Career-development theorists tend to ignore one of the most basic facts of life—that while people are busy making a living, they are living a life. The result is that many theorists describe career development as if it occurred in isolation from human development. Isolating life roles creates a false scenario that does not reflect life as people live it. Career interventions emanating from false scenarios have limited usefulness as clients leave career counseling and attempt to implement their work-related decisions within a complex web of life-role activities. When career counselors ignore their clients’ multiple life-role activities, they also ignore the fact that life roles can interact in ways that are supportive, supplementary, complementary, or conflicting. Life roles can enrich life or overburden it. Donald Super noted that for each person, the social elements that constitute a life are arranged in a pattern of core and peripheral roles. This pattern is defined as the life structure. The life structure organizes and channels the person’s engagement in society. To understand an individual’s career, it is important to know and appreciate the web of life roles that embeds that individual and her or his career concerns.
Increasingly, career-counseling clients, especially adult clients, present for career counseling due to life structure concerns. For example, in career counseling, an adult client may come to understand that her conflict regarding selecting a more satisfying career option is connected to the pressure she experiences as a parent of young children.

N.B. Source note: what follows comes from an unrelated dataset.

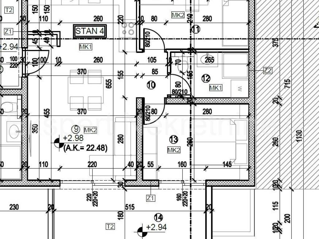 Trogir, two-bedroom apartment 56 m2 in a new building in a smaller residential building with only 7 apartments. The apartment is located on the first floor of the building, north-south oriented and consists of two bedrooms, bathroom, hallway, kitchen with dining room and living room and a large terrace (9 m2). The apartment has one outdoor parking space. Possible purchase of an additional parking space (10,000 euros).The building is located in a quiet and peaceful location only 900 m from the city center and close to the Plodine shopping center. The start of work is planned for spring 09/2026 and the completion is planned 18 months after the start of construction. Quality equipment (inverter air conditioning, underfloor heating in the bathroom, six-chamber PVC joinery, quality ceramics. burglar-proof doors, thermal facade, ... etc.). Payment by construction stages.For more information and reservations, contact the agency.

Similarly, the young adult college student may desperately desire to switch her academic major from engineering to education but is afraid to do so because she does not want to disappoint her parents, who seem intent on their daughter’s becoming an engineer. Rarely do decisions about work occur in isolation from other life-role experiences.
Life-structure concerns can involve normal developmental processes (such as the college student attempting to sort out career decisions within the individuation process), but they can also involve unexpected and traumatic life events (e.g., unexpected job loss). Developmental life-structure concerns are predictable (e.g., the graduating college student must prepare for “life after college”) and therefore can be addressed via career counselors constructing developmental career-intervention programs. Professional counselors in the schools take this approach when they offer evening programs for parents and students regarding topics such as financial aid for postsecondary education, college planning, and career fairs. Counselors in higher education do the same when they offer workshops on selecting a major for first-and second-year university students and job-search workshops for fourth-year students. Career interventions such as these seek to address the predictable career-development tasks Super outlined in his life stage theory segment.
Life-structure concerns can also be unpredictable, as when a partner or parent dies unexpectedly, a serious illness arises, an unplanned job loss occurs, or an injury requires a substantial shift in life-role activities (although these examples are not necessarily equal in the trauma they generate, they each require adjustments to one’s life structure). Interventions at these times tend to be more therapeutic (than what is typically required to address developmental concerns) and often require individual career-counseling interventions. Collectively, developmental and traumatic events influence the life structure throughout the life span, making life-role choices and adjustment to choices continuous processes.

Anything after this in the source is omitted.